E. F. Schumacher

Ernst Friedrich " Fritz" Schumacher ( born August 16, 1911 in Bonn, † September 4, 1977 in the train between Geneva and Lausanne ) was a British economist of German origin.

Life

E. F. Schumacher was born in 1911 in Germany. After graduation, he studied economics, first in Bonn, Berlin and then at the London School of Economics and Political Science, and as a Rhodes Scholar at Oxford. Before the Second World War, he fled back to England to escape the Nazi regime. Although he was interned as an enemy alien during the war, his extraordinary abilities were recognized, and he was able to help the British government in the economic and financial mobilization.

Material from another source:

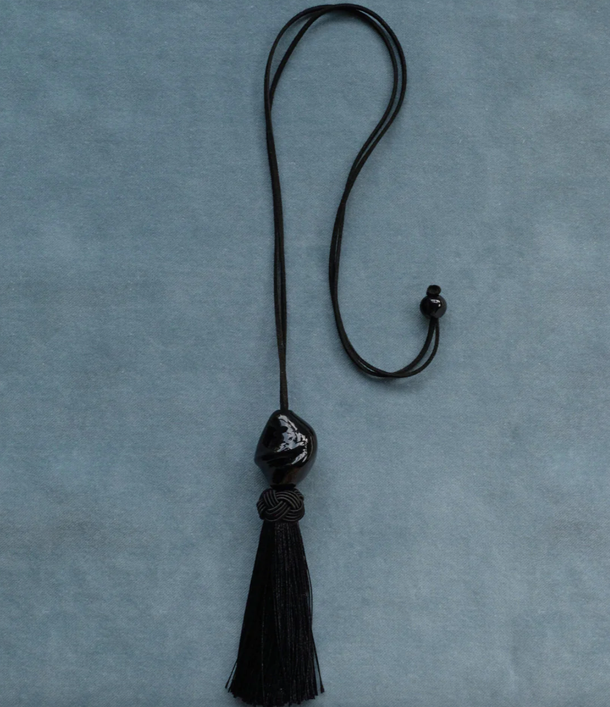 該玻璃吊墜完全由玻璃製成,不規則黑色吊墜和編織流蘇組成,由絨面革帶支撐,末端飾有冰絲流蘇。
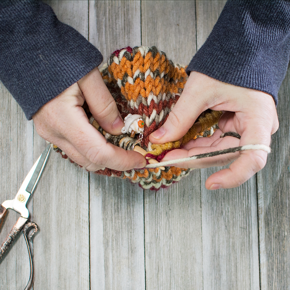 Pull tail through remaining stitches and pull tight to close circle. FO.

Little known is that it was obvious Schumacher, who had worked out the alternative proposal of John Maynard Keynes used to ultimately Bretton Woods system of Americans in the early 1940s. Thus one finds in a resume of Schumacher following passage:

"During this period [ 1940-1945 ] Schumacher socialist ideas with which he has dealt his life approached. From the unassuming agricultural activity then tore him his famous study in which he sketched the plan of a new clearing system for payments in foreign currency. Lord Keynes took over this plan immediately as an official government proposal of the United Kingdom; [ ... ] "

You could even Schumacher so called one of the fathers of the European currency unit or the euro.

After the war, Schumacher worked as an economic adviser to the British tax Commission, which was entrusted with the rebuilding of the German economy. From 1950 to 1970 he was Chief Economic Advisor ( Chief Economist ) of the British Coal Board, which had 800,000 employees. With his far-sighted planning ( he said the rise of OPEC and the problems of nuclear energy ahead ), he helped the UK during his economic recovery.

1955 Schumacher traveled to Burma as an economic consultant. There he developed the basic rules of what he called " Buddhist Economics", based on the belief that good work for proper human development is essential and that " production from local resources for local needs is the most rational way of economic activity. "

In 1971 he converted to the Catholic faith. Once about his relationship with the Catholic Church, he said: It was a longstanding illicit relationship.

1973 Schumacher completed his book Small is beautiful in the house of his friend Leopold Kohr in Aberystwyth; the book was a bestseller. 1977 Schumacher of U.S. President Jimmy Carter was invited to the White House to present his book.

He died on September 4, 1977 of a heart attack during a lecture tour in a train.